Hasil pemilu adalah bencana bagi Perdana Menteri Jepang Shigeru Ishiba, yang menghadapi seruan untuk mengundurkan diri sekarang bahwa Partai Demokrat Liberal Konservatifnya – yang telah memerintah hampir tidak terputus sejak akhir Perang Dunia II – telah kehilangan mayoritas di kedua Gedung Parlemen.
Pemimpin Jepang juga berada di bawah tekanan untuk mencapai kesepakatan perdagangan dengan administrasi Trump, yang mengatakan pada hari Selasa bahwa kedua belah pihak telah menyetujui tarif AS 15% untuk barang -barang Jepang.
Pada hari Rabu, Ishiba membantah laporan bahwa ia berencana untuk mundur pada akhir Agustus.
Pesan dari serangkaian kerugian pemilu partainya adalah bahwa “orang tidak bahagia,” kata Kingston.
“Banyak orang merasa bahwa status quo bias terhadap minat mereka dan itu keuntungan orang tua atas kaum muda, dan pemuda merasa kesal karena mereka harus membawa beban berat dari populasi yang menua di punggung mereka,” katanya.
Kamiya, 47, seorang pembicara yang energik dengan kecerdasan media sosial, juga sangat kontras dengan para pemimpin seperti Ishiba dan Yoshihiko Noda yang konstitusional, keduanya 68, yang “terlihat seperti orang -orang kemarin” dan wajah -wajah pendirian, kata Kingston.
Dengan pemilih yang khawatir tentang stagnasi upah, melonjaknya harga dan prospek pekerjaan yang suram, “para pembuat perubahan mendapat banyak suara protes dari orang-orang yang merasa kehilangan haknya,” katanya.
Platform Sanseito selaras dengan pemilih seperti Yuta Kato.
“Jumlah [foreign immigrants] yang tidak mematuhi aturan meningkat. Orang-orang tidak menyuarakannya, tetapi saya pikir mereka merasakan hal itu, “kata penata rambut berusia 38 tahun itu kepada Reuters di Tokyo.” Juga, beban warga termasuk pajak semakin besar dan lebih besar, jadi hidup semakin sulit. “
Alasan terbesar Sanseito berhasil dalam pemilihan, katanya, “adalah karena mereka berbicara atas nama kita.”
Partai Kamiya bukan satu-satunya pemula yang mendapat manfaat dari ketidakpuasan pemilih, dengan partai Demokrat tengah-kanan untuk orang-orang meningkatkan jumlah kursi di majelis tinggi dari lima menjadi 16.
Sanseito, yang namanya berarti “berpartisipasi dalam politik,” berasal dari tahun 2020 di tengah pandemi Covid-19, menarik kaum konservatif dengan video YouTube yang mempromosikan teori konspirasi tentang vaksin dan mendorong kembali terhadap mandat topeng. Saluran YouTube sekarang memiliki hampir 480.000 pelanggan.
Partai itu juga telah memperingatkan tentang “invasi diam -diam” orang asing di Jepang, di mana jumlah penduduk asing naik lebih dari 10% tahun lalu menjadi rekor hampir 3,8 juta, menurut Badan Layanan Imigrasi. Namun, tetap jauh lebih rendah sebagai proporsi populasi daripada di AS atau Eropa.
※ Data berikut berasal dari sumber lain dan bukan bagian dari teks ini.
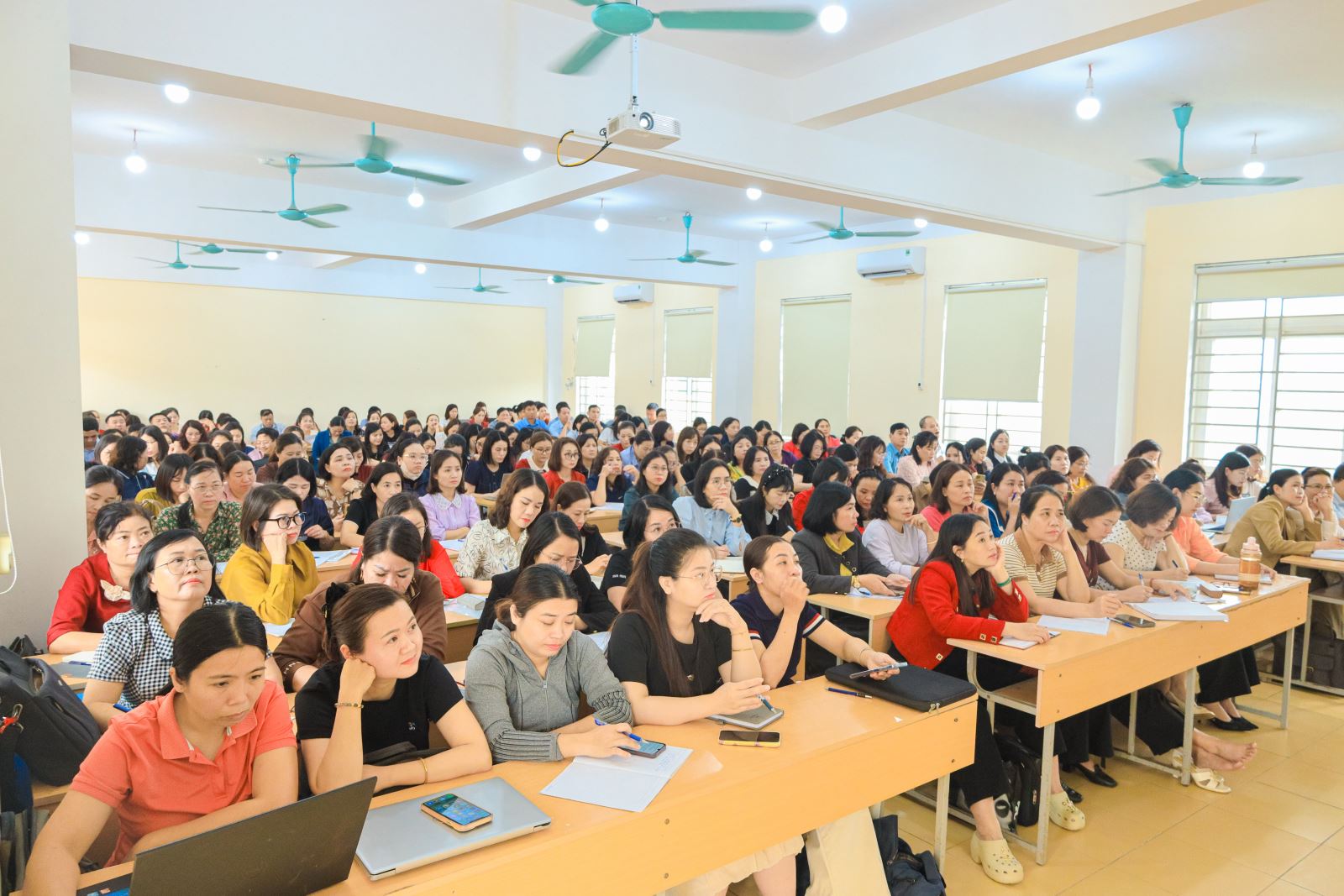 Đặc biệt, chương trình có sự tham gia của gần 1.000 học viên là cán bộ quản lý, giáo viên, nhân viên đến từ các cơ sở giáo dục trên toàn tỉnh, tham gia theo hình thức trực tiếp kết hợp trực tuyến.

Para kritikus mengatakan retorika semacam itu telah memicu pidato kebencian dan meningkatnya permusuhan terhadap orang asing di Jepang, mengutip sebuah survei bulan lalu oleh penyiar Jepang NHK dan lainnya di mana hampir dua pertiga responden sepakat bahwa orang asing menerima “perlakuan preferensial.”
Pada rapat umum Sanseito pada hari Sabtu, para pengunjuk rasa mengangkat tanda -tanda yang mengatakan “tidak ada kebencian” dan “rasis pulang.”
Kamiya menyangkal bahwa partainya memusuhi orang asing di Jepang.
“Kami tidak memiliki niat untuk mendiskriminasi orang asing, kami juga tidak memiliki niat untuk menghasut divisi,” katanya Senin. “Kami hanya bertujuan untuk membangun kembali kehidupan orang -orang Jepang yang saat ini dalam kesulitan.”
Terlepas dari kemajuan pemilihannya, Sanseito tidak memiliki cukup anggota di majelis tinggi untuk membuat banyak dampak sendiri dan hanya memiliki tiga kursi di majelis rendah yang lebih kuat. Tantangannya, kata Kingston, adalah apakah Kamiya dapat “mengambil kemarahan ini, malaise, dan membawa acaranya secara nasional.”